* [Task prompt]:
Copy the listing that follows exactly. Its pictures do not belong in the copy.
#### Source data
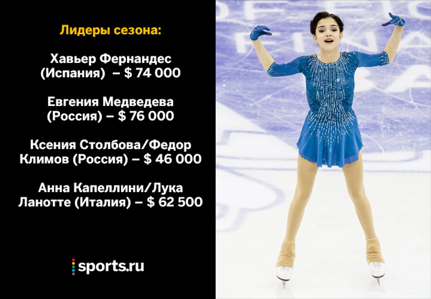 Фигуристы несправедливо ограничены двумя этапами Гран-при, поэтому одиночнику заработать больше 61 тысячи за серию не удастся (но и для этого нужно выиграть оба этапа и финал – в этом году это удалось только канадскому танцевальному дуэту). На помощь приходят достойные бонусы за чемпионаты Европы и мира – не уровень горнолыжников, конечно, но точно больше, чем у других спортсменов на коньках (хоккеисты, конечно, не в счет).
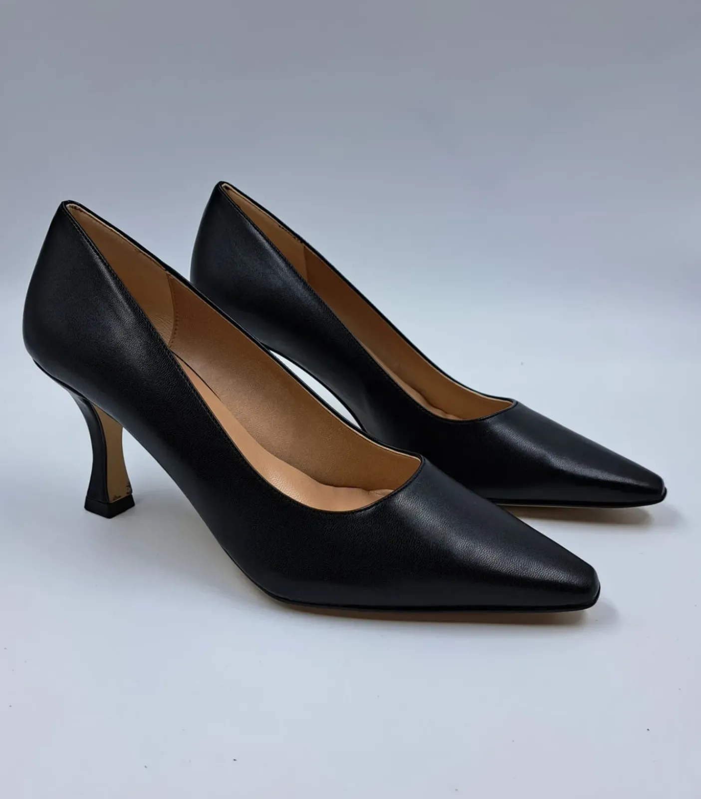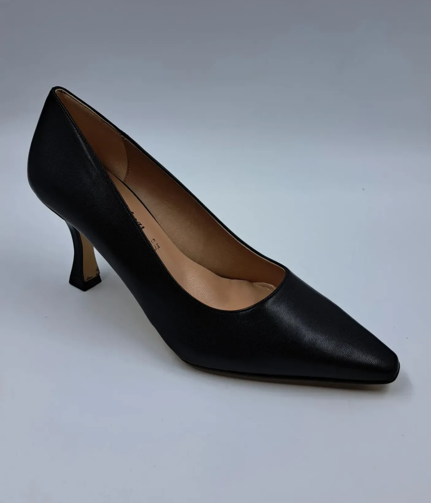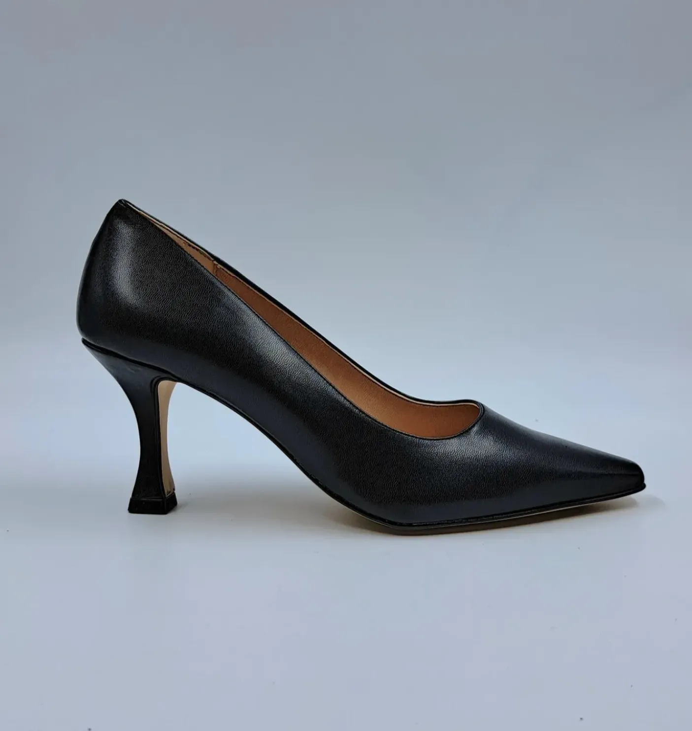 Decollete morbida rivestita internamente in Vera Pelle. Soletta in pelle. Tacco a rocchetto 7 cm.
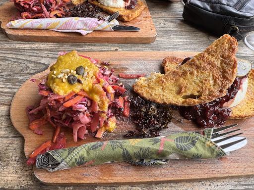 Read moreImportant: You need a reservation to have lunch here! Unfortunately we found out when we arrived, so half way our hike. If you donât have a reservation you can only order a drink and a cake for take out. Some people write it is a vegan place but that isnât correct. They also serve meat. The atmosphere was not nice this Sunday, a lot of people arrived by kayaks were screaming inside the restaurant like they were on a beach party. It didnât match the vibe of a nice...
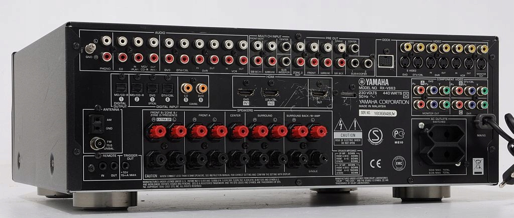 Pod względem przyłączeniowym RX-V663 jest wyposażony fantastycznie. Dla cyfrowych sygnałów audio są zarówno wejścia elektryczne (dwa), jak i optyczne (trzy), a nawet jedno wyjście w tym ostatnim standardzie. Jest przedwzmacniacz gramofonowy, a wyjścia subwooferowe są dwa.
########
* [Expected answer]:
 Фигуристы несправедливо ограничены двумя этапами Гран-при, поэтому одиночнику заработать больше 61 тысячи за серию не удастся (но и для этого нужно выиграть оба этапа и финал – в этом году это удалось только канадскому танцевальному дуэту). На помощь приходят достойные бонусы за чемпионаты Европы и мира – не уровень горнолыжников, конечно, но точно больше, чем у других спортсменов на коньках (хоккеисты, конечно, не в счет).
 Decollete morbida rivestita internamente in Vera Pelle. Soletta in pelle. Tacco a rocchetto 7 cm.
 Read moreImportant: You need a reservation to have lunch here! Unfortunately we found out when we arrived, so half way our hike. If you donât have a reservation you can only order a drink and a cake for take out. Some people write it is a vegan place but that isnât correct. They also serve meat. The atmosphere was not nice this Sunday, a lot of people arrived by kayaks were screaming inside the restaurant like they were on a beach party. It didnât match the vibe of a nice...
 Pod względem przyłączeniowym RX-V663 jest wyposażony fantastycznie. Dla cyfrowych sygnałów audio są zarówno wejścia elektryczne (dwa), jak i optyczne (trzy), a nawet jedno wyjście w tym ostatnim standardzie. Jest przedwzmacniacz gramofonowy, a wyjścia subwooferowe są dwa.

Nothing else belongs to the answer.